Following the introduction of the ‘statutory aim to permit,’ ‘clustering’ of betting shops, and other types of gambling premises like bingo halls and adult gaming centres, on the high street increased. Evidence shows that clusters are typically located in more deprived areas, where the harm from problem gambling may be exacerbated. This has had an adverse impact on those communities and is an ongoing area of concern for councils and the public.

To address this issue, the Government’s Review of the Gambling Act should bring forward more flexible powers for councils, including enabling democratically elected councillors to determine the number of local gambling premises in a local area if a decision can be shown to be in the interests of the local community. This could be implemented in a similar way to ‘cumulative impact areas’, which were introduced in the Licensing Act 2003, and allow councils to reject premises licenses in specific area if they are deemed to have a negative cumulative impact.

Government should also prioritise introducing a new legal power for councils to break the ‘statutory aim to permit’ if this is necessary. These measures will be vital to stop the proliferation of gambling premises in concentrated areas and allow councils to design places that meet residents’ and the local economies’ needs.

More robust regulations on industry

There are increasing calls from across the health sector for gambling to be approached as a public health issue. Problem gambling is a complex problem, therefore traditional approaches that focus on supporting individuals with single interventions, such as addiction support, do not tend to work at the population level. In addition to investment in the range of public services that support those with problem gambling, Government urgently needs to put in place more robust regulations to protect people from harm.

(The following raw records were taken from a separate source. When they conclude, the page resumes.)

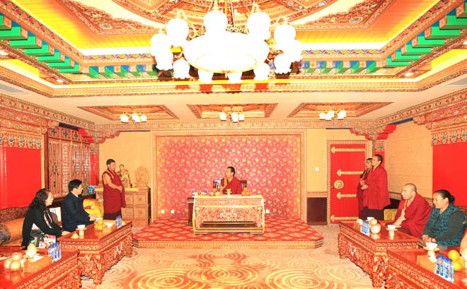 崔玉晶、朱正明拜见十一世班禅大师,汇报珠穆朗玛关帝庙重建工程(罗旦 摄影)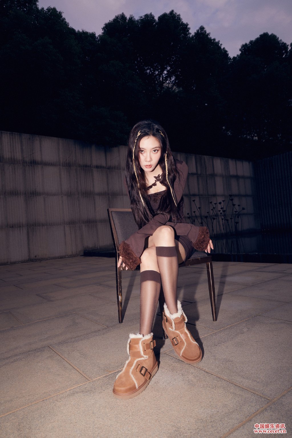 宋妍霏棕色刺繡吊帶連衣裙搭配雪地靴設計感十足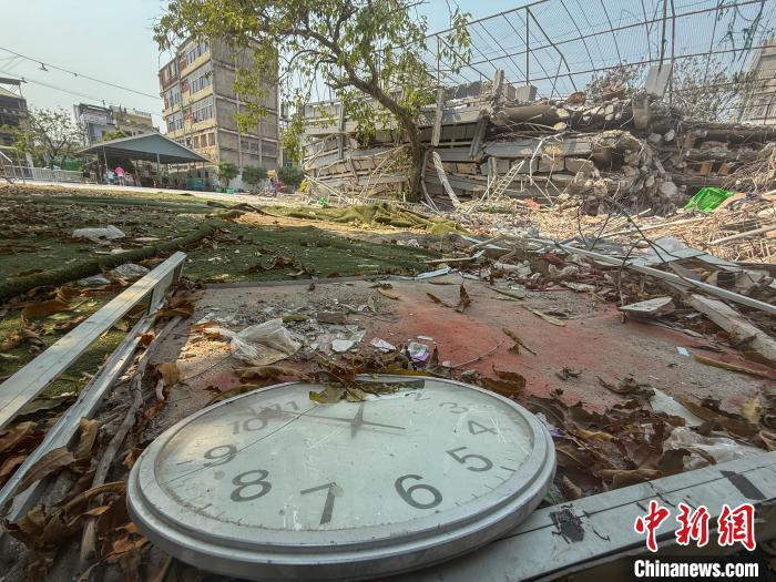 當(dāng)?shù)貢r間4月2日,因地震造成教學(xué)樓坍塌的緬甸曼德勒孔教學(xué)校北校區(qū)現(xiàn)場,一臺時鐘“躺”在廢墟中,時間定格在地震發(fā)生的一刻?!≈行律缬浾?陳永諾 攝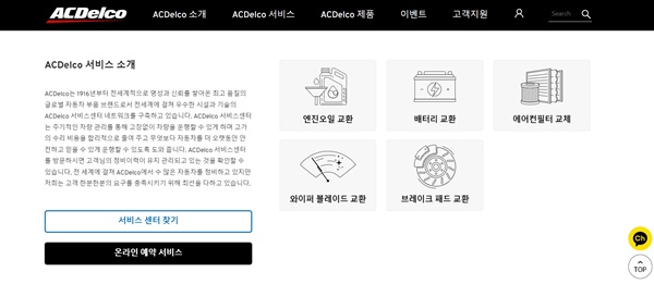 운영시간은 주말과 공휴일을 제외하고 매일 오전 9시부터 오후 6시(점심시간 오후 12시 ~ 1시 제외) 까지다. 또한 에이씨델코(ACDelco) 홈페이지에서도 정비예약이 가능하며 부품 찾기를 통해 본인 차량에 맞는 부품을 검색하고 판매점 위치와 서비스센터 정보 등을 얻을 수 있다.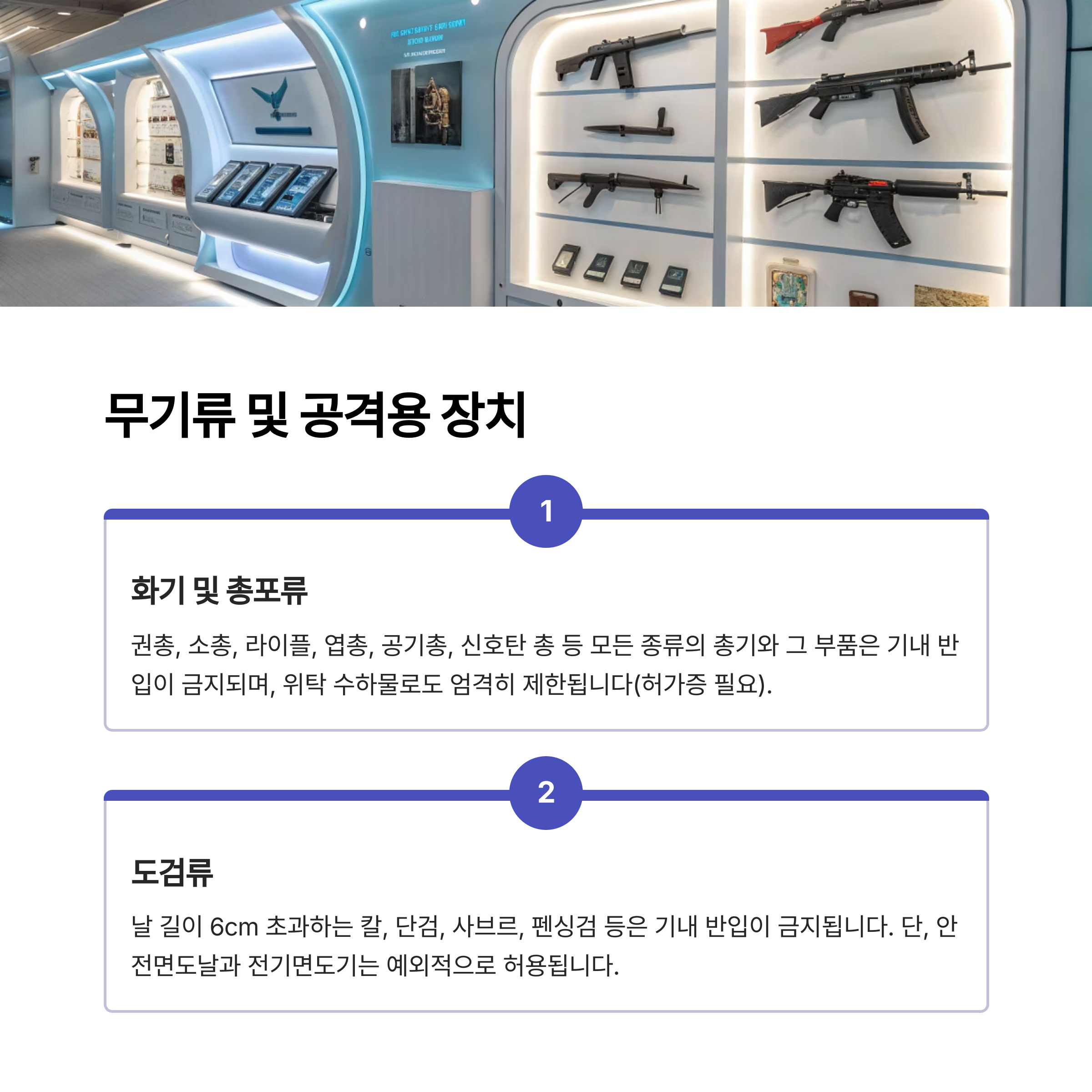 - 도검류(날 길이 6cm 초과 칼, 단검, 사브르, 펜싱검)는 반입 불가. 다만 안전면도날·전기면도기는 예외적으로 허용됩니다.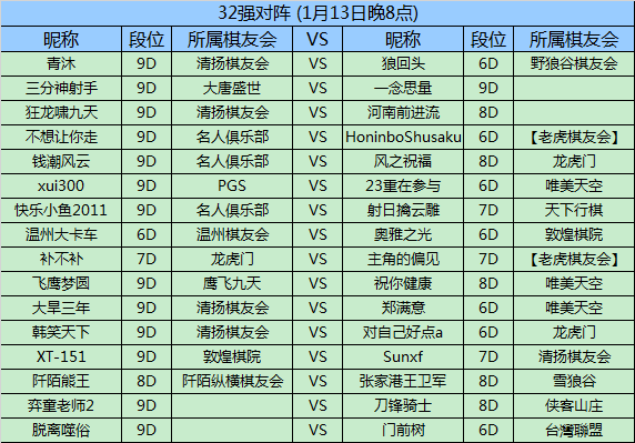 第三轮 1月13日 (周5)20:00 (32强赛)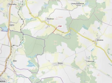 Lesní pozemek o výměře 288 m2, parcelní číslo 1787, podíl 1/1, katastrální území Štítné, obec Žirovnice, obec s rozšířenou působností Pelhřimov, okres Pelhřimov, Kraj Vysočina.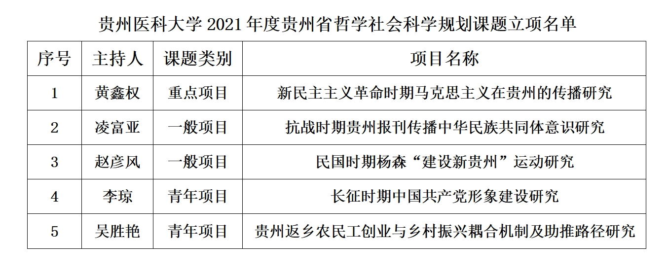 在立项课题中,《新民主主义革命时期马克思主义在贵州的传播研究》获批重点课题,实现了学校该级别重点项目零的突破。近年来,学校持续加大人文社科相关学院内涵发展的支持力度,科学技术处在项目培育、组织动员、申请书质量提升以及政策支持等方面加大工作力度,以目标为导向大力推动人文社科项目申报工作,切实为人文社科学科建设打下坚实基础。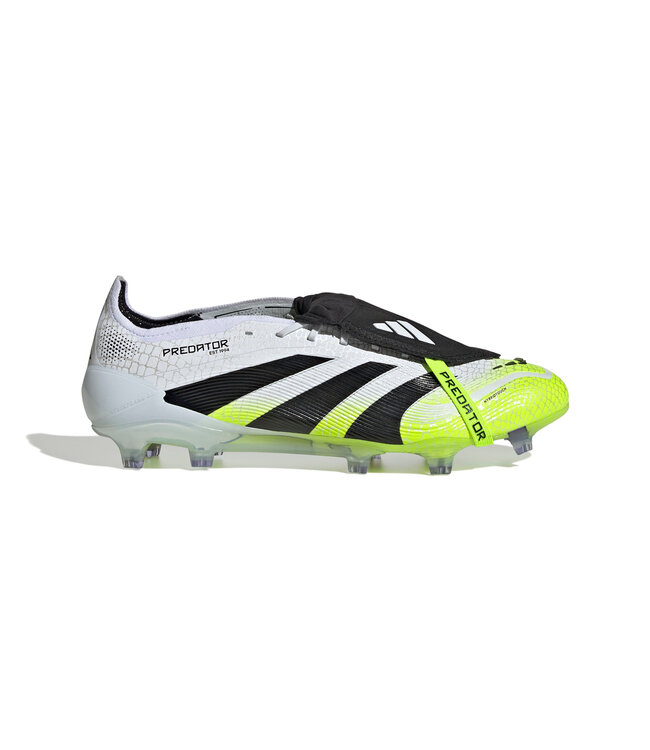 Discover the difference between aiming to score and knowing you will with adidas Predator boots that are crafted for goals. These Elite boots have a HybridTouch upper with a fold-over tongue and rubber Strikeskin fins that help provide perfect contact with the football. The Controlframe 2.0 firm ground outsole and adidas PRIMEKNIT collar are designed to give you a stable stance when the goal's at your mercy.

Although online gambling and gambling advertising is outside the scope of councils’ regulatory responsibilities, we are concerned the current system of online protections is failing to prevent gambling harm. Gamblers are able to spend very large sums of money, without any checks on their financial ability to pay, within short periods of time and without effective operator intervention. The White Paper must address this issue and set out more robust regulations on the gambling industry to ensure that gambling is offered in a safe and responsible way.

We are also calling for the Government to restrict the volume of gambling advertising, particularly where it can be seen by children – for example, during televised or live sport as well as for greater control on sponsorship. We hope that the Gambling Act Review will address this.

Industry support for gambling treatment

The LGA supports the cross-sector call to introduce a mandatory levy on gambling firms to help fund a significant expansion of treatment and support for those experiencing gambling related harm throughout the country. This would help to ensure long-term security and continuity in funding, and help enable services to offer more comprehensive support to all who need it.

The levy should be based on the ‘polluter pays’ principle, so those companies and sectors of the market causing the greatest harm pay the most. While the commitment from a small number of large operators to increase voluntary contributions to one per cent is welcome, this should be put on a statutory footing. This view is supported by other organisations, including GambleAware. We would welcome any move to introduce a mandatory levy in the Review.

Licensing fees and funding

A further area of concern for authorities is gambling licence fees. Nationally set licence fee caps have not been increased since 2007 and should be updated to reflect the increases in associated costs since then. We are calling for local flexibility to allow councils to set fees in line with the costs of administering a license, in line with taxi and private hire vehicle licenses and other areas of licensing. However, if the Department chooses to maintain a national rate or cap, then it is vital that the rate is at least increased in line with inflation since 2007.